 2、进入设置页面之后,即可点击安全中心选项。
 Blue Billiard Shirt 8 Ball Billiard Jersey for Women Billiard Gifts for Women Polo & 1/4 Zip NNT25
_ _ _ _ _ _ _
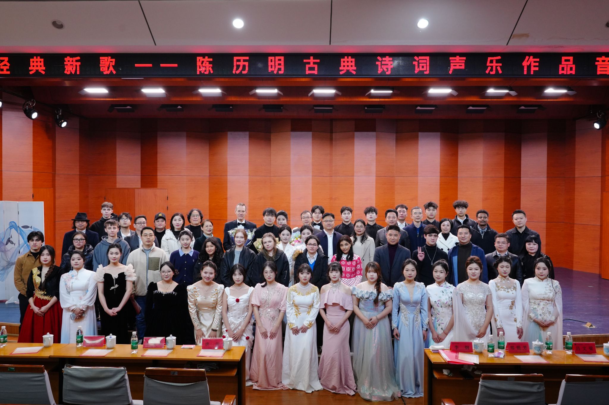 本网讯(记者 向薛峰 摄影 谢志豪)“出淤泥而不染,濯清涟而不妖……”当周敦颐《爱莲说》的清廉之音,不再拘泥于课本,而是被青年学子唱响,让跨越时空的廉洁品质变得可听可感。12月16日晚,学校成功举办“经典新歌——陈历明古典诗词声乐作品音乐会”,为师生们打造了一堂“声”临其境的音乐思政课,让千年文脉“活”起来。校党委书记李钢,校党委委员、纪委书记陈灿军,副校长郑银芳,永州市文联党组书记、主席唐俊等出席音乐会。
_ _ _ _ _ _ _
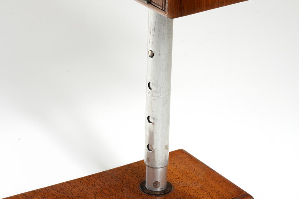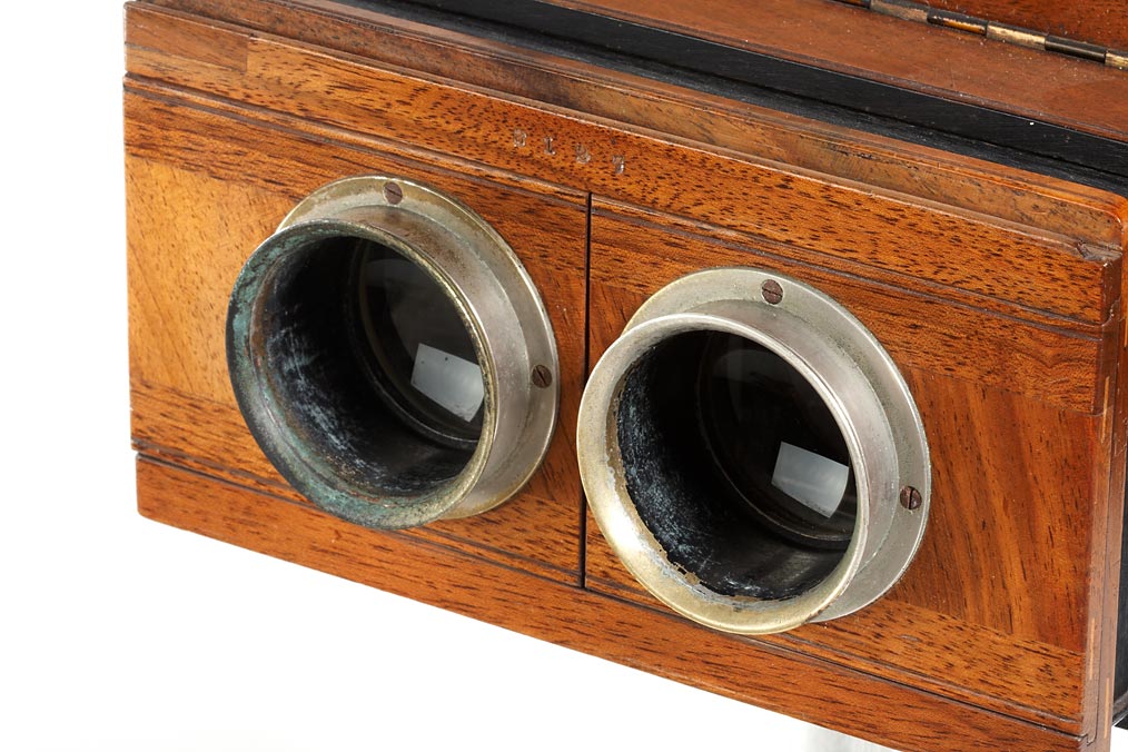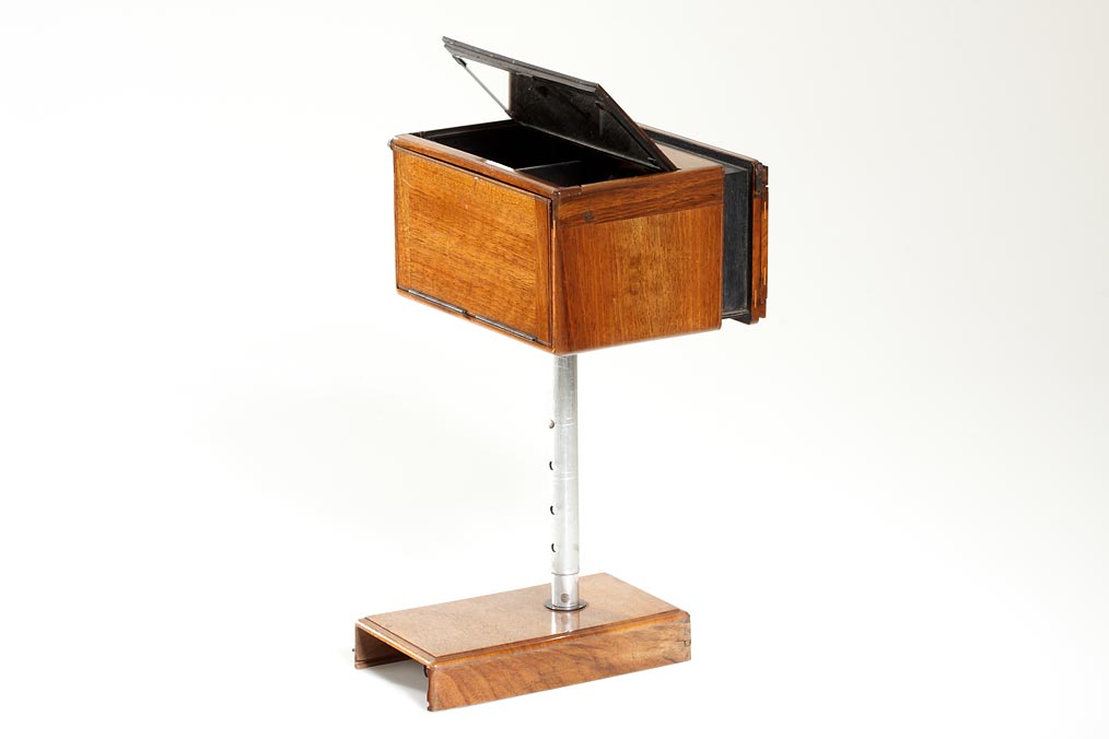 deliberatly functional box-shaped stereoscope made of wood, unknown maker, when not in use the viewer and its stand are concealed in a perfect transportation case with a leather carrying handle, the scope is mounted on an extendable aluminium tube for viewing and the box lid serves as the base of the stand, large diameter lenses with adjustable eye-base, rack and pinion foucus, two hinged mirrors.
_ _ _ _ _ _ _
Find the line with "2、进入设置页面之后,即可点击安全中心选项。" in the entries above. Retype it and each line after it, exactly, through the line with "Blue Billiard Shirt", and stop there.

 2、进入设置页面之后,即可点击安全中心选项。
 Blue Billiard Shirt 8 Ball Billiard Jersey for Women Billiard Gifts for Women Polo & 1/4 Zip NNT25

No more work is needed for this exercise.